The oscillation period is approximately $T \approx 2\tau_a \ln\left(\frac{w_I + b}{w_I - b}\right)$when $w_I > b$. The duty cycle (fraction of time each half is active) can be modulated by asymmetric drive $I_{\text{ext}}$, explaining how descending signals from motor cortex control locomotion speed and gait.

Derivation 5: Optimal Feedback Control of Reaching

Todorov and Jordan (2002) proposed that the motor system implements optimal feedback control, minimizing a cost function that trades off accuracy and effort.
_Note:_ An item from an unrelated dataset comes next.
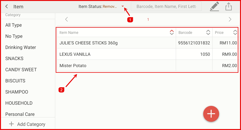 From the Stock settings, tap Item to open the item list. Use the Item Status filter (①) to view items by their current status (e.g. Active, Inactive, or Removed). The item table (②) shows the Item Name, Barcode, and Price for each filtered item. Tap the + button to add a new item.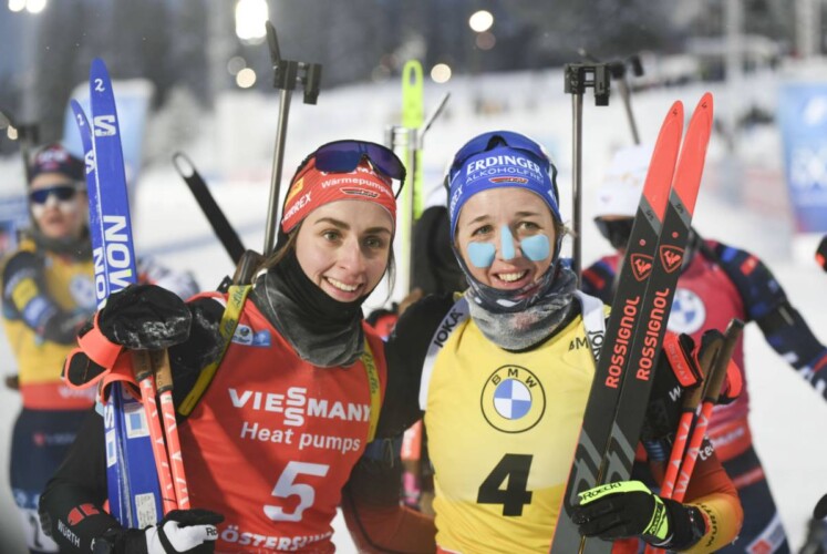 Im Zielsprint setzt sich die Französin Lou Jeanmonnot gegen Franziska Preuß durch und gewinnt nach dem Sprint auch die Verfolgung beim Biathlon Weltcup in Östersund. Vanessa Voigt komplettiert das Podest und sorgt für einen weiteren Doppelerfolg der deutschen Biathletinnen.

For a reaching movement with state $\mathbf{x}$ (position, velocity) and control $\mathbf{u}$ (muscle forces):

$$J = \mathbf{x}(T)^T \mathbf{Q}_f \mathbf{x}(T) + \int_0^T \left[\mathbf{x}^T \mathbf{Q} \mathbf{x} + \mathbf{u}^T \mathbf{R} \mathbf{u}\right] dt$$

subject to linear dynamics $\dot{\mathbf{x}} = \mathbf{A}\mathbf{x} + \mathbf{B}\mathbf{u} + \text{noise}$. The optimal controller is:

$$\mathbf{u}^*(t) = -\mathbf{R}^{-1}\mathbf{B}^T \mathbf{P}(t) \hat{\mathbf{x}}(t)$$

where $\mathbf{P}(t)$ satisfies the Riccati equation and $\hat{\mathbf{x}}$ is the Kalman-filtered state estimate. A key prediction is the "minimum intervention principle": the controller only corrects deviations that affect task performance, allowing variability in task-irrelevant dimensions. This explains the observed structure of movement variability in reaching and grasping.